▶ _Input material_
◇ ◇ ◇ ◇ ◇
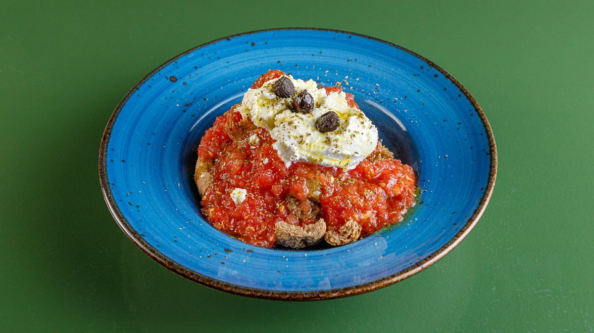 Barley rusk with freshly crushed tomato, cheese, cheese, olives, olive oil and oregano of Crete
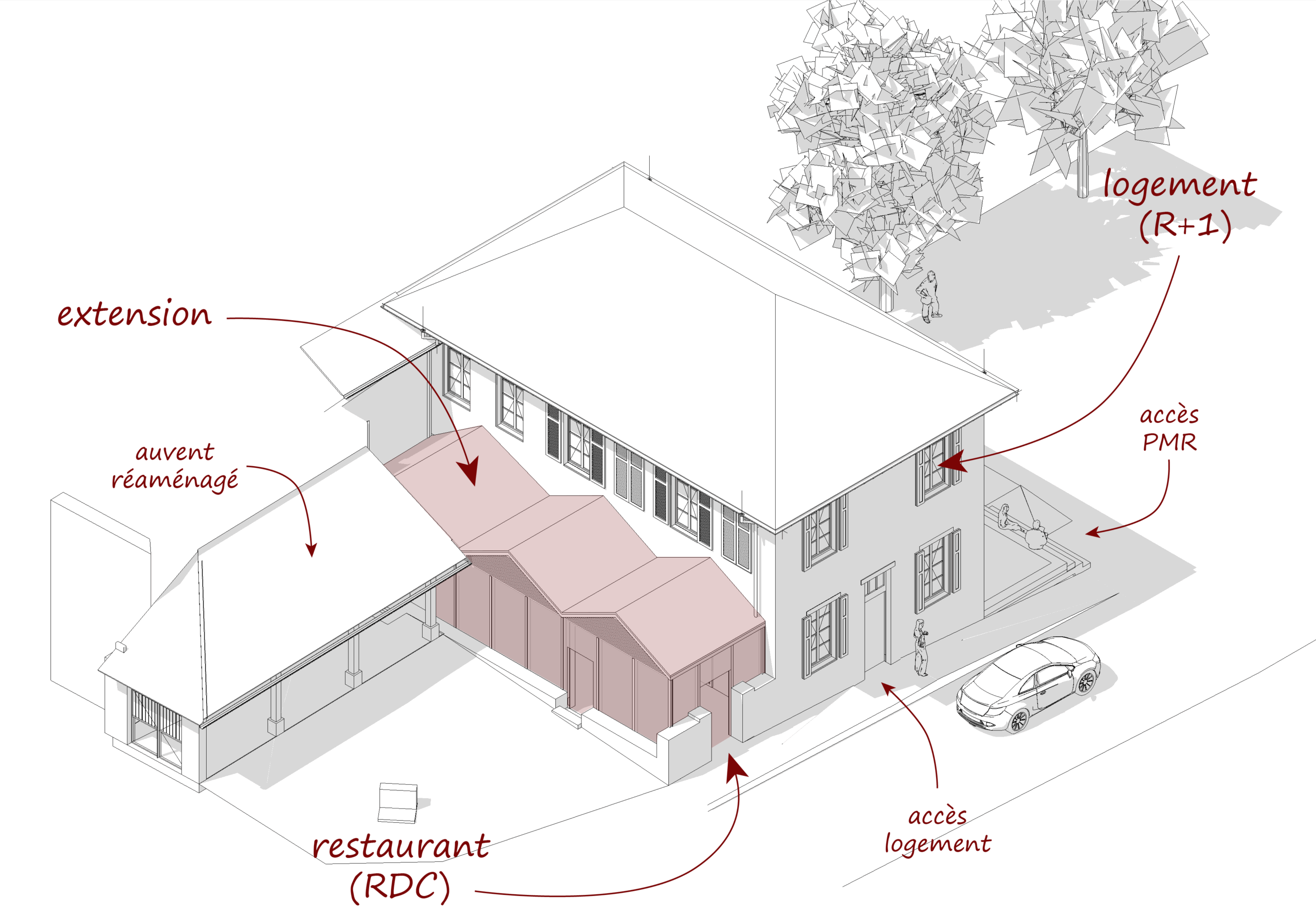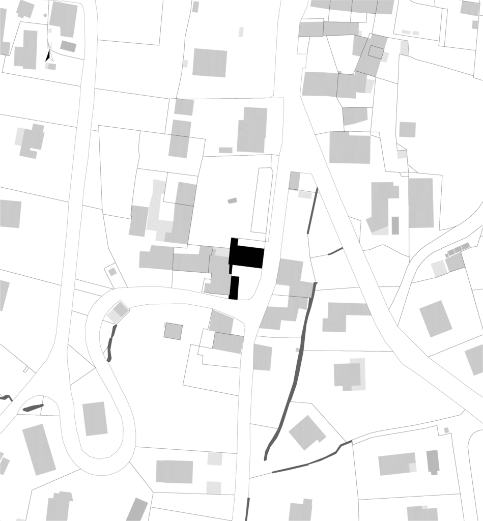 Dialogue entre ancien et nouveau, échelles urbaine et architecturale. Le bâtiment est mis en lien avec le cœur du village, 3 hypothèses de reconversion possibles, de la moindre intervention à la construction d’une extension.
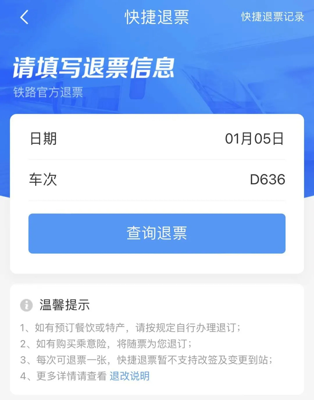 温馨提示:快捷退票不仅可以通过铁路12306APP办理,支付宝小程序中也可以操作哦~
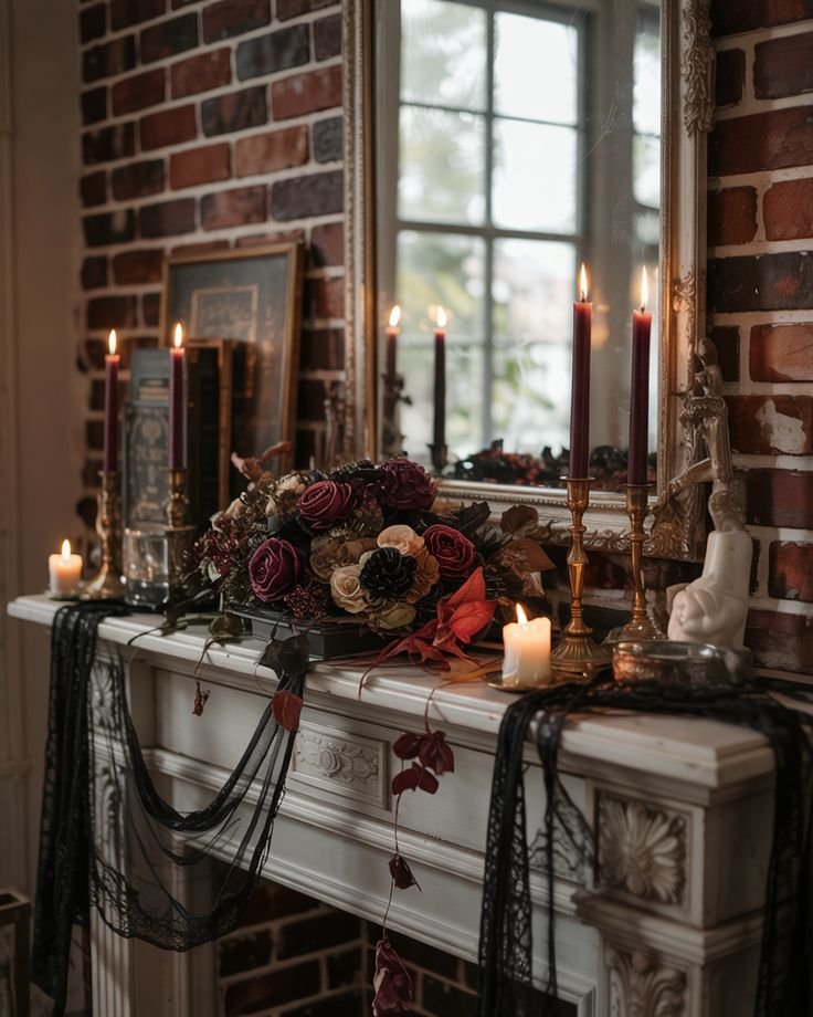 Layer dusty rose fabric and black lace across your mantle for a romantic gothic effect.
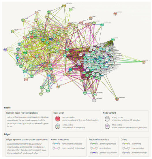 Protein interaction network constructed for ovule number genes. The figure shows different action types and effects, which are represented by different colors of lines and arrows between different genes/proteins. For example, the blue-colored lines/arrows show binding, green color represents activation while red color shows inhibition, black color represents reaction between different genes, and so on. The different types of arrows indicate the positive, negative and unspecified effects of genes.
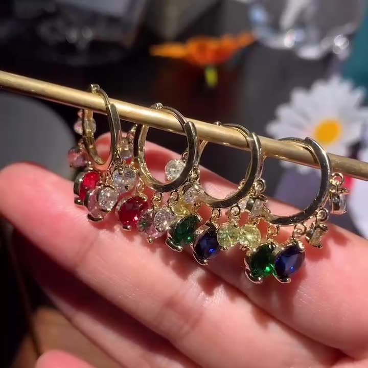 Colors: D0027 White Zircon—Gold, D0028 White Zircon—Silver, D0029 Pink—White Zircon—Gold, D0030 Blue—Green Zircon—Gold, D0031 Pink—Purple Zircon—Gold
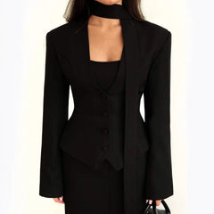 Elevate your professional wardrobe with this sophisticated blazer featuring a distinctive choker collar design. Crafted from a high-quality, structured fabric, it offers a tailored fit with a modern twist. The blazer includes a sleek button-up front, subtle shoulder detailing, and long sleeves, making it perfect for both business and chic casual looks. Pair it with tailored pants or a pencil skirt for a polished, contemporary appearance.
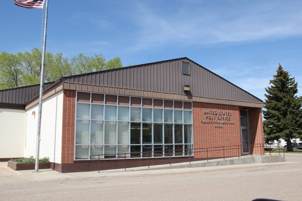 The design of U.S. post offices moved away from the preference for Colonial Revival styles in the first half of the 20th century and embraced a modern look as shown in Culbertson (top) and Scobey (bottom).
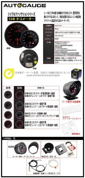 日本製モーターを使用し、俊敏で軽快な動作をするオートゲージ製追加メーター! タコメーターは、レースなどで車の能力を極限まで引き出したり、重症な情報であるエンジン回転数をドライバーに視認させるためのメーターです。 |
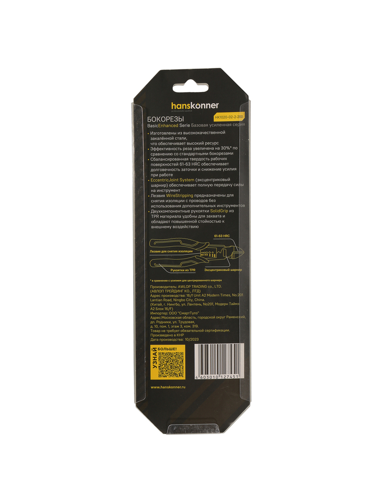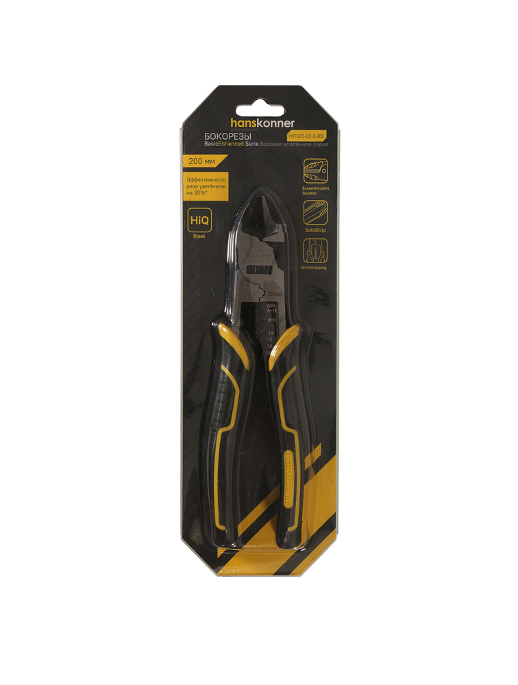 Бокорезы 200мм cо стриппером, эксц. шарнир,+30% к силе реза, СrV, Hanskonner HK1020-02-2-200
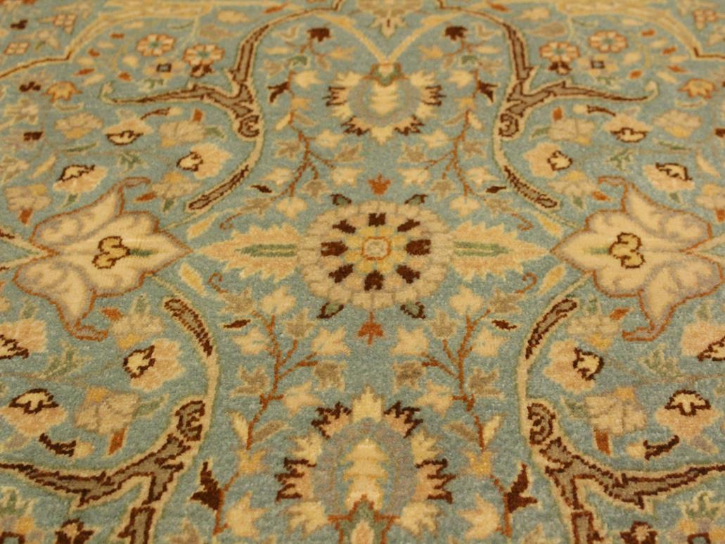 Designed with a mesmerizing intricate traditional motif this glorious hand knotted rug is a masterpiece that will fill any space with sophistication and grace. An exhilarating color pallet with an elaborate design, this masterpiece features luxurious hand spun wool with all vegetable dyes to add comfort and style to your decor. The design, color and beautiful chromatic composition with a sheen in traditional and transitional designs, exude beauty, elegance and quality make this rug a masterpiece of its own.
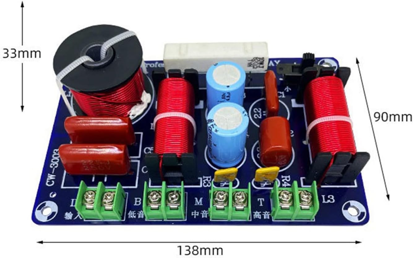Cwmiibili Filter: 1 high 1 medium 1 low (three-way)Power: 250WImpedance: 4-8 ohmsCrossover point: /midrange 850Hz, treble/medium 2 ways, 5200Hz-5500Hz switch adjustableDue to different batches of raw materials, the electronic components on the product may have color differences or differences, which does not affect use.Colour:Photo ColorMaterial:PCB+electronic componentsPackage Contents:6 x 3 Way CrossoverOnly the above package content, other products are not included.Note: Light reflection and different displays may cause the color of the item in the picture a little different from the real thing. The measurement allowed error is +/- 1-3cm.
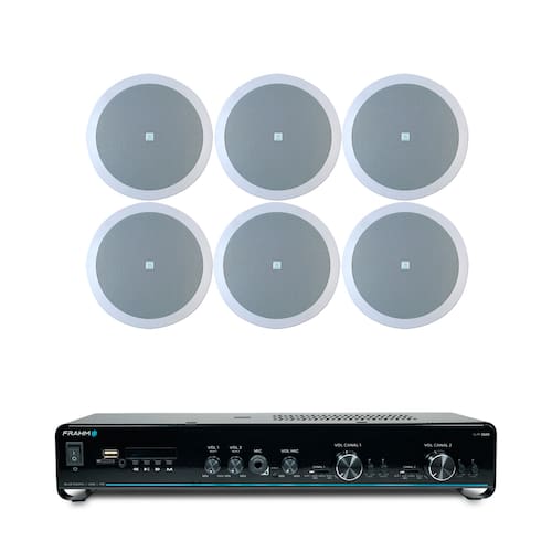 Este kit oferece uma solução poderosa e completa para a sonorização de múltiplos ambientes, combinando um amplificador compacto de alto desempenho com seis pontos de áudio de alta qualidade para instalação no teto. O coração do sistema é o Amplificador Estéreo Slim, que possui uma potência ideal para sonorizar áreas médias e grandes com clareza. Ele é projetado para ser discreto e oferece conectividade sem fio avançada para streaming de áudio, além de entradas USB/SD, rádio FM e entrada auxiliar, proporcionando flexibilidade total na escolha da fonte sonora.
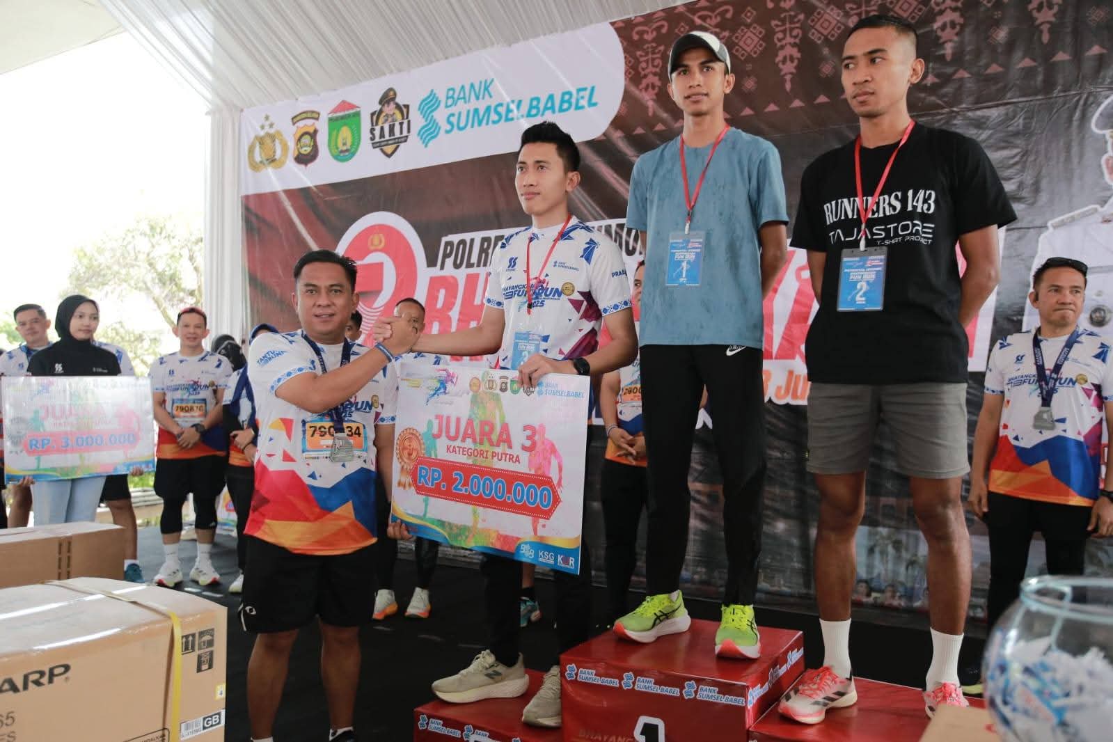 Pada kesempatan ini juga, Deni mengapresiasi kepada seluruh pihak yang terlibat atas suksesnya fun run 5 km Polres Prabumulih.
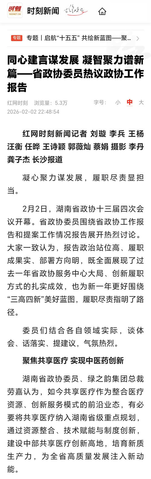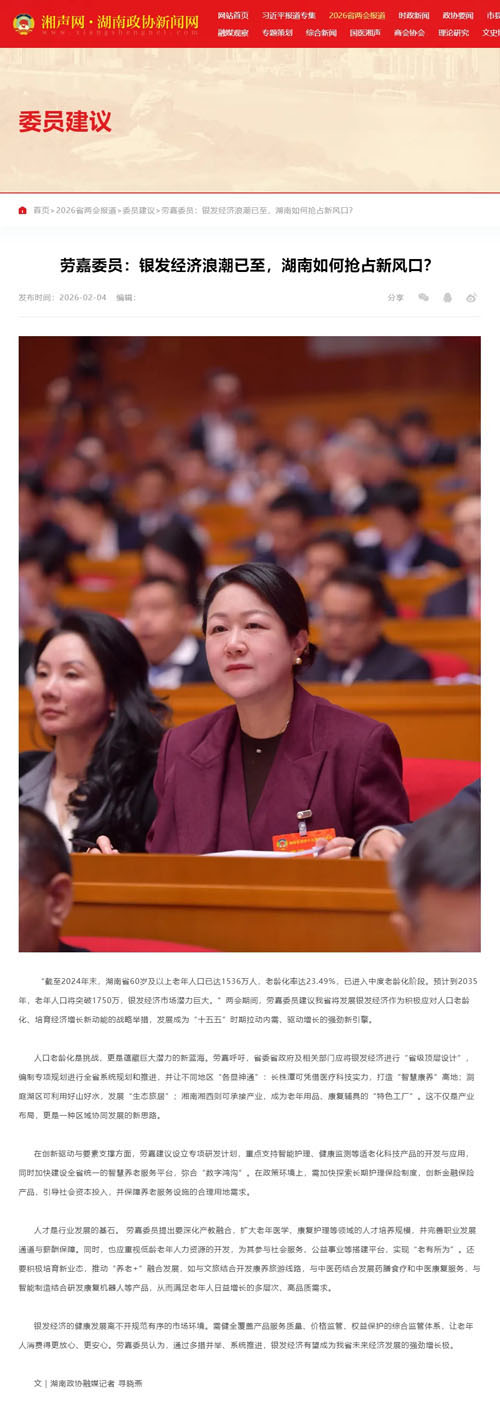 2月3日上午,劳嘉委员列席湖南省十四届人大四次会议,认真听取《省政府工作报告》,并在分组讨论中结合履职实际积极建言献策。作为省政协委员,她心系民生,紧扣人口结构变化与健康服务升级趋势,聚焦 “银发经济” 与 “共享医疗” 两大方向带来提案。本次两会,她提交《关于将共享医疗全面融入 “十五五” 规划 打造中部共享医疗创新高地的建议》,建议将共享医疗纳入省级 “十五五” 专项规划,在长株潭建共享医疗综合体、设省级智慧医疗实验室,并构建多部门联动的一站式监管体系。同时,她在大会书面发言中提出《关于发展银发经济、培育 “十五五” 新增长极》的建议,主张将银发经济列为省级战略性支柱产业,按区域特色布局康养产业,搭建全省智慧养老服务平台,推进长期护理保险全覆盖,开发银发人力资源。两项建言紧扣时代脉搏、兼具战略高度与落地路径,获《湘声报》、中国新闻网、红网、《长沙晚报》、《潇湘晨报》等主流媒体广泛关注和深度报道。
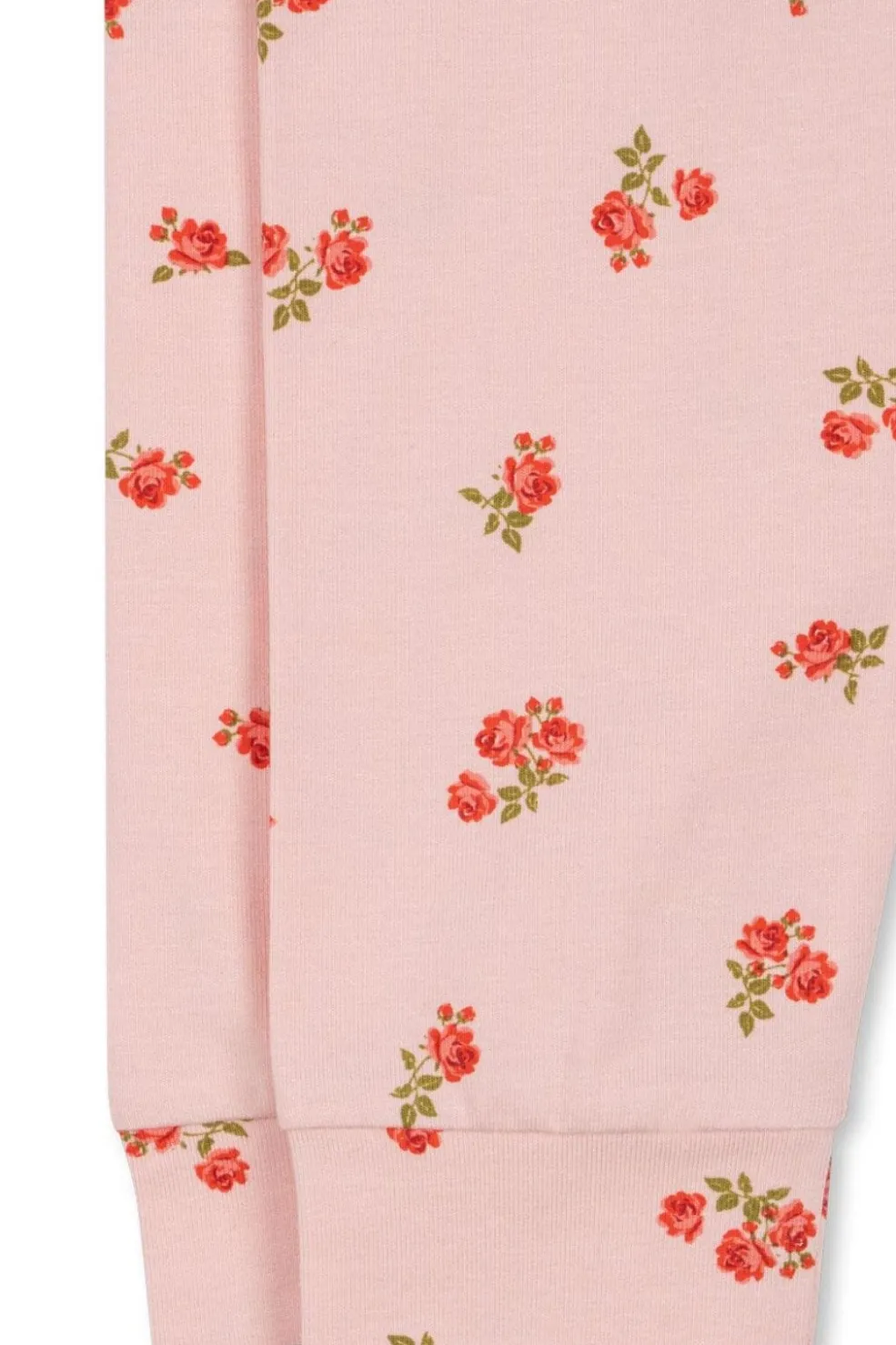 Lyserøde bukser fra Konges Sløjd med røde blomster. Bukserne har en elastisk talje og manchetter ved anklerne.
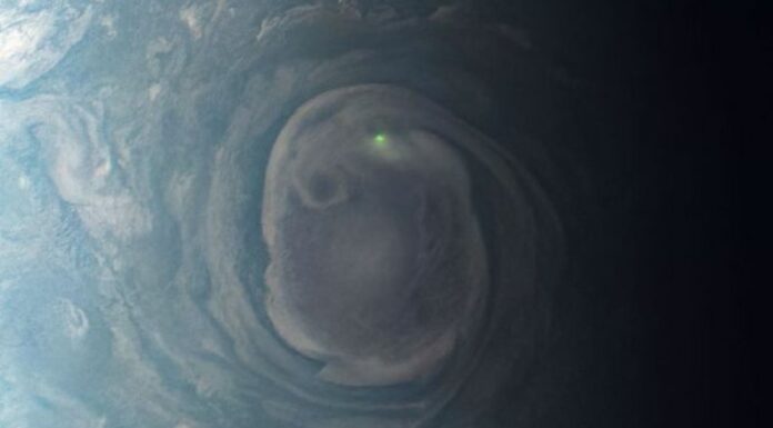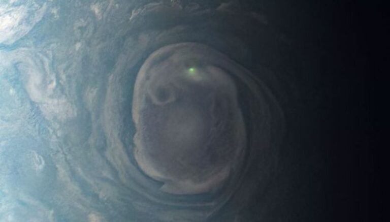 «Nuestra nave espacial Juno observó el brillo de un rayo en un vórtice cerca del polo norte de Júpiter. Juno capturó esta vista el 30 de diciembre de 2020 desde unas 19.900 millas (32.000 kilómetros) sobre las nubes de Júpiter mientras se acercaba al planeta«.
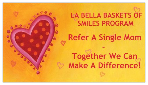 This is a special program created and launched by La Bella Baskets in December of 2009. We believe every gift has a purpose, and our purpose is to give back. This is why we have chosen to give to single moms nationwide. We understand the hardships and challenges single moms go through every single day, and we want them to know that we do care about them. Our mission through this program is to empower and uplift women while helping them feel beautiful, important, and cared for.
◇ ◇ ◇ ◇ ◇
▶ _Directions_
Between and including the line above that contains "Бокорезы 200мм cо" and the line that contains "Designed with a", restate every line word for word. Pictures stay out.

▶ _Solution_
 Бокорезы 200мм cо стриппером, эксц. шарнир,+30% к силе реза, СrV, Hanskonner HK1020-02-2-200
 Designed with a mesmerizing intricate traditional motif this glorious hand knotted rug is a masterpiece that will fill any space with sophistication and grace. An exhilarating color pallet with an elaborate design, this masterpiece features luxurious hand spun wool with all vegetable dyes to add comfort and style to your decor. The design, color and beautiful chromatic composition with a sheen in traditional and transitional designs, exude beauty, elegance and quality make this rug a masterpiece of its own.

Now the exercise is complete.